There should have been no closure of the party by Liz. That is just as clear now as it was then; Liz had no legal or moral right to do what she did. She broke the Party’s own constitution to which she was subject and confused her position as leader with being its owner. She was right in needing to get out of the political inferno that she was not suited for and which had treated her so harshly. But if she had quietly done that, she could have worked in the way she is working now from within the party, while others, who did see the need for political action, worked side by side with her, united in fighting against the evil that is destroying our country.

Everyone has their talents and their tasks. Not everyone wants to be a political fighter. Yet some must do this difficult grunt-work, or we shall have no voice and no rights. There needs to be two wings in our party, with people gravitating to the work they feel called upon to do. This would have made us a complete organism, and we would have had great strength. Can that lost strength ever be regained?

Liz is doing some very fine work today. She is a gifted journalist and interviewer and approaches with great empathy those whom she interviews. Today she is allowing some of the most important voices of our time to be heard – people overseas such as Andrew Bridgen, Steve Kirsch Craig Kelly, Jim Ferguson, Sasha Latypova, James Roguski, Michael Gray Griffith, Christine Anderson, Rod Culleton and many more, as well as key New Zealand individuals such as Guy Hatchard and Barry Young. I listen to her whenever I can (not often enough – there are simply not enough hours in the day) and am always impressed. And I always feel that the activity she is doing should never have been separated off from NZ Loyal. It could have become its cultural wing while others, working harmoniously but separately from Liz, carried their struggle for human rights into the political arena.

We are now beginning to prepare for a new political struggle ahead. We have a strong, no-bullshit leader in Kelvyn Alp, who is going to take the fight to the incumbent politicians. But the leader is only a part of the party. There are members and former members who are holding back today because they sense there is something lacking. Others have already given up or say they have, feeling (rather like disappointed lovers) that they gave everything last time round and do not want to run the risk of experiencing such betrayal ever again. Will we ever be able to make good what has been done to us and regain our lost potential?

The enemy that we fight is a master of division. Yet the fundamental thing we should have learned by now is that we need unity in order to fight and win as WE THE PEOPLE. There is no room in a spiritual war for personal animosities, yet we in the truth-and-freedom movement have been played off masterfully against each other. Will we ever overcome this tendency?

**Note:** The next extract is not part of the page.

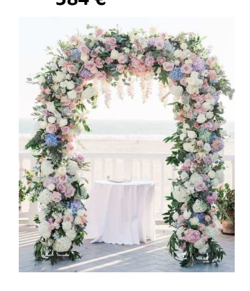
Beach Arch Decoration Style 2 584 €

With Liz and Kelvyn, things have surely gone too far for there ever to be reconciliation. Yet this does not change the fact that those fighting totalitarianism in New Zealand need to rise beyond our personal feelings and be united if we are ever to defeat the tyranny of the Wasps’ Nest. If it is impossible for these individuals to approach each other with an olive branch, can others work to heal the fundamental rift between them?

Very possibly, the answer to that is ‘no’, but that leaves us in a fractured, incomplete state which is something that affects every member of the truth-and-freedom community. To my mind, Amy has given us an inspired example of how future conflicts can be handled.

When dealing with controversy within our overall movement, do not reflect back to your opponent the bad energy that he or she may be giving to you. Speak your truth, calling out foolishness and error, but do not do anything in a way that will close the door to future reconciliation.

That, anyway, is the enlightened approach of Amy Benjamin.